# Schools



## HaydenFamily (Jun 21, 2014)

Hi my wife and I have been looking at schools for our 10 year old (year 6 in Uk). We have narrowed it down to either Ashgrove Primary in Rangoria, Woodend Primary in Woodend and the primary school in Pegasus. Although we do want our son to integrate, we would like him to go to school with some English children so that he has something in common. Also I have read that public schools take "voluntary" contributions which is not a bad idea if it means a better education. 

Can anyone let me know what the schools I have mention are like and if any Brit kids go there and how much the voluntary contributions are?

Also, I am due to come out on the 8 September but unfortunately my wife will have to stay back in UK until our house is sold, does anyone know how long the visa will last from date off issue until she gets on the plan.

Thank you in advance for any info you can give me.

Martin


----------



## escapedtonz (Apr 6, 2012)

HaydenFamily said:


> Hi my wife and I have been looking at schools for our 10 year old (year 6 in Uk). We have narrowed it down to either Ashgrove Primary in Rangoria, Woodend Primary in Woodend and the primary school in Pegasus. Although we do want our son to integrate, we would like him to go to school with some English children so that he has something in common. Also I have read that public schools take "voluntary" contributions which is not a bad idea if it means a better education. Can anyone let me know what the schools I have mention are like and if any Brit kids go there and how much the voluntary contributions are? Also, I am due to come out on the 8 September but unfortunately my wife will have to stay back in UK until our house is sold, does anyone know how long the visa will last from date off issue until she gets on the plan. Thank you in advance for any info you can give me. Martin


Sorry can't help you out with the schools.

Assuming you will get Resident Visa's, they will be valid for 12 months from date of issue meaning you must cross the border to activate them before the anniversary of their issue.


----------



## HaydenFamily (Jun 21, 2014)

escapedtonz said:


> Sorry can't help you out with the schools.
> 
> Assuming you will get Resident Visa's, they will be valid for 12 months from date of issue meaning you must cross the border to activate them before the anniversary of their issue.

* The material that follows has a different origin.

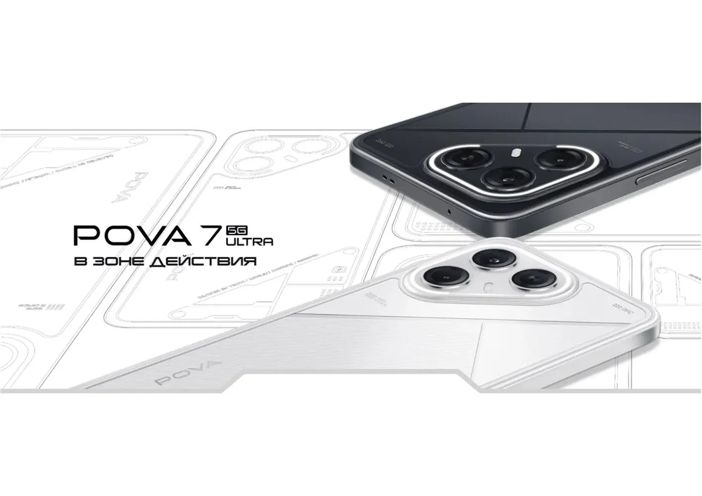 Флагманский смартфон со встроенным искусственным интеллектом TECNO AI и большими возможностями для мобильного гейминга. Умный ассистент Ella с поддержкой русского языка выполняет задачи любой сложности — от обработки фото до вызова такси. В Tecno POVA 7 Ultra 5G также встроены другие функции, реализуемые с помощью искусственного интеллекта TECNO AI: генерация текстов, решение задач, перевод разговоров в реальном времени, расшифровка аудио. Tecno POVA 7 Ultra 5G получил мощный чипсет MediaTek Dimensity 8350 Ultimate, который обеспечивает не только высокую производительность, но и улучшенное качество сотовой связи. Смартфон имеет 256 Гб постоянной памяти и 12 Гб оперативной с возможностью виртуального расширения вдвое. Игровой движок HyperEngine увеличивает скорость реакции во время мобильного гейминга на 24% по сравнению с предыдущим поколением. А 12-слойное охлаждение с 3D-испарительной камерой исключает перегрев смартфона. Впервые в смартфоне TECNO применена технология трассировки лучей для детализации графики некоторых игр. Большая ёмкость аккумулятора 6 000 мАч поддерживает работу смартфона в течение всего дня и даже больше. Быстро пополнить заряд поможет беспроводная 30 Вт или комплектная ультра-зарядка 70 Вт. Tecno POVA 7 Ultra 5G может делиться энергией с другими устройствами благодаря реверсивной зарядке 10 Вт, что превращает смартфон в пауэрбанк. Яркий AMOLED-экран диагональю 6.67? с высоким разрешением 1.5K и частотой 144 Гц передаёт сочные цвета и обеспечивает невероятно плавную картинку. Дисплей защищён закалённым стеклом Corning Gorilla Glass 7i. А стереодинамики с поддержкой Dolby Atmos создают эффект погружения в просматриваемый контент. Общайтесь на расстоянии до 1 километра даже тогда, когда нет связи с помощью FreeLink. Приложение в смартфоне Tecno POVA 7 Ultra 5G поддерживает звонки и сообщения по Bluetooth в отсутствие сигнала мобильной сети. А алгоритм PinPoint Nav 2.0 помогает точно определять геолокацию в городе и на открытых пространствах. Технологичный дизайн сочетает простоту и практичность. Под прозрачной панелью — объёмные детали, а в меню — уникальный шрифт и более 300 стилизованных значков приложений. Треугольный блок камер обрамлён светодиодным сигнальным глифом, который отображает уведомления, игровые действия, звонки и многое другое.

Hi thank you for the info very much appreciated.


----------



## Kimbella (Jul 4, 2013)

HaydenFamily said:


> Hi my wife and I have been looking at schools for our 10 year old (year 6 in Uk). We have narrowed it down to either Ashgrove Primary in Rangoria, Woodend Primary in Woodend and the primary school in Pegasus. Although we do want our son to integrate, we would like him to go to school with some English children so that he has something in common. Also I have read that public schools take "voluntary" contributions which is not a bad idea if it means a better education.
> 
> Can anyone let me know what the schools I have mention are like and if any Brit kids go there and how much the voluntary contributions are?
> 
> ...


Hi there, 

Although I'm in Chch, I don't really know anything about the schools you mentioned, unfortunately. 
The "voluntary" fees are set by each school (in this area, at least). I don't have any idea how they go about deciding the amounts.
My daughter is in intermediate, year 8, her 'contribution' was $270 this year (excluding school camp which was an additional $230 on top of the $270). Here is the breakdown: school fee = $220; PTA fee = $20; School diary = $10; Mathletics = $20; Technology fee = $10

The schools don't really "take" voluntary contributions, they actively send out a statement/bill for them ... yes, her school "voluntary contribution" was sent via statement with balance showing, and a remittance slip attached. They aren't really voluntary at all, just coded that way for some reason.


----------



## HaydenFamily (Jun 21, 2014)

Thank you for the info at least we have an idea of what to expect.


----------



## Rosieprimrose (May 9, 2014)

Most schools have a website and all the information would be there. Its a really good idea to troll these, most schools post their newsletters up on them, you can get a very good idea of the nature of the school by reading them.


----------